= New Star Books =

Canadian publishing company

New Star Books is an independent Canadian publishing company located in Vancouver, British Columbia. New Star publishes between six and eight new titles each year, their list includes literary fiction, experimental poetry, and socially-critical nonfiction. The press has published more than 300 titles since its founding in 1970.

== History ==
New Star Books has its roots in a literary supplement to the Georgia Straight. Founded by Stan Persky and Dennis Wheeler and originally published as a short pullout section, the Georgia Straight Writing Supplement featured early work from Daphne Marlatt, Jack Spicer, George Stanley, Milton Acorn, and Gerry Gilbert. In 1970, the writing supplement became the Georgia Straight Writing Series and began publishing books, most notably early works by Lisa Robertson, Pauline Holdstock, Mark Leier, Elizabeth Hay, and Terry Glavin.

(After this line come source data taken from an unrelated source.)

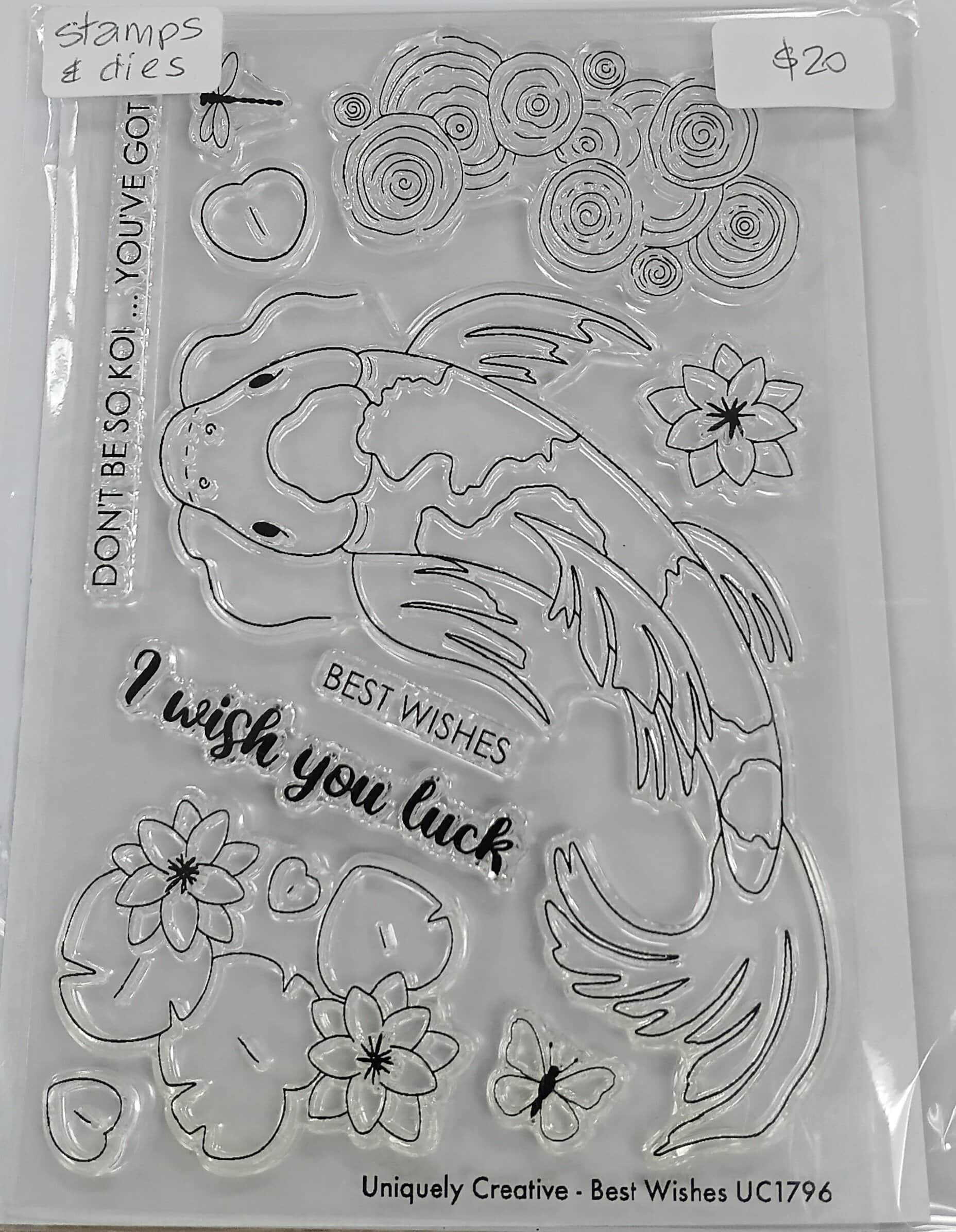 Send strength, serenity, and support with the Best Wishes stamp and matching die stamp set — a beautifully detailed collection featuring a flowing koi fish, floral accents, and uplifting sentiments. With lily pads, circular motifs, and elegant blooms, this set brings harmony and encouragement to every project.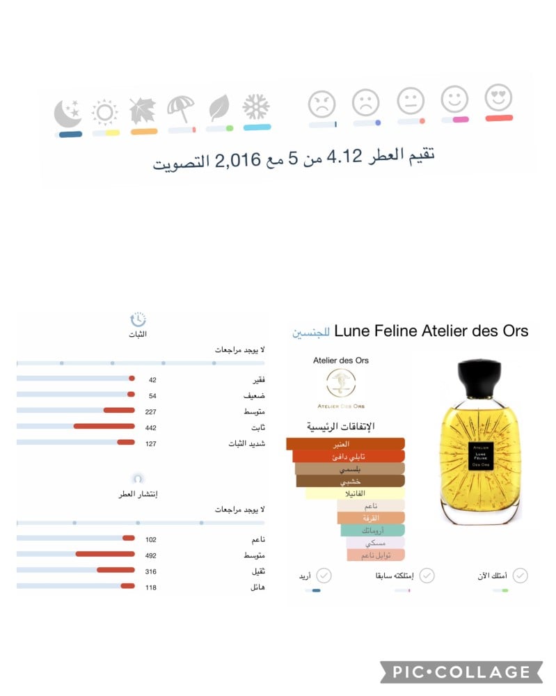 . Atelier Des Ors Lune Feline صدر عام 2015. Marie Salamagne قام بتوقيع هذا العطر. إفتتاحية العطر الهيل, القرفة و الفلفل الوردي; قلب العطر الأخشاب, الآمبرغريس, ستيراكس (العبهر), خشب الأرز و النوتات الخضراء; قاعدة العطر تتكون من فانيليا تاهيتي, بلسم بيرو و المسك.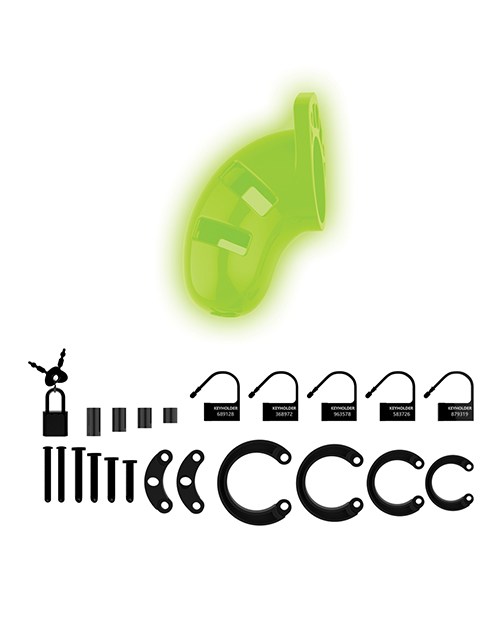 Ouch! Glow in the Dark, the future of bondage is here. Designed with an authentic bondage aesthetic, but with the added delight of the glow-in-the-dark properties, the fluorescent green detailing will turn every event into a part. With Ouch! Glow in the Dark, the fun is just beginning when the lights go out. Looking for something really exciting and naughty? Do you want to be thoroughly controlled by your partner? This Cock Cage gives the opportunity to take all power or to completely hand it over to your partner. Play safe, stop using if pain occurs. Ouch!Glow-In-The-Darkproducts must be activated with the sunlight before enjoying it in the dark.

Renamed, variously, the "York Street commune" and the "Vancouver Community Press," the company acquired its final name, "New Star Books," in 1974, marking a shift in editorial focus from literary to politically engaged, critical, left-leaning nonfiction work.

While Lanny Beckman, New Star's first publisher (becoming so in 1978), predominantly kept to the press's nonfiction, politically oriented direction, in 1990 the press underwent another shift when Rolf Maurer became its publisher and president. Maurer took New Star back to its roots as a literary, experimental press while maintaining its programme of publishing socially-critical books. He also added to New Star's roster the Transmontanus imprint, edited by Terry Glavin and focused on social, environmental, and cultural issues in and around British Columbia.

In 1998, New Star relocated from Kitsilano to its current site, off of Commercial Drive, in East Vancouver. In March 2012, the New Star office was targeted by a suspected arson attack. No injuries were sustained as the attack took place in the early hours of the morning, however the office itself suffered considerable fire, smoke, and water damage.
Although the majority of the press's inventory was stored safely in an offsite warehouse, the fifth printing of Lisa Robertson's Debbie: An Epic was almost entirely destroyed.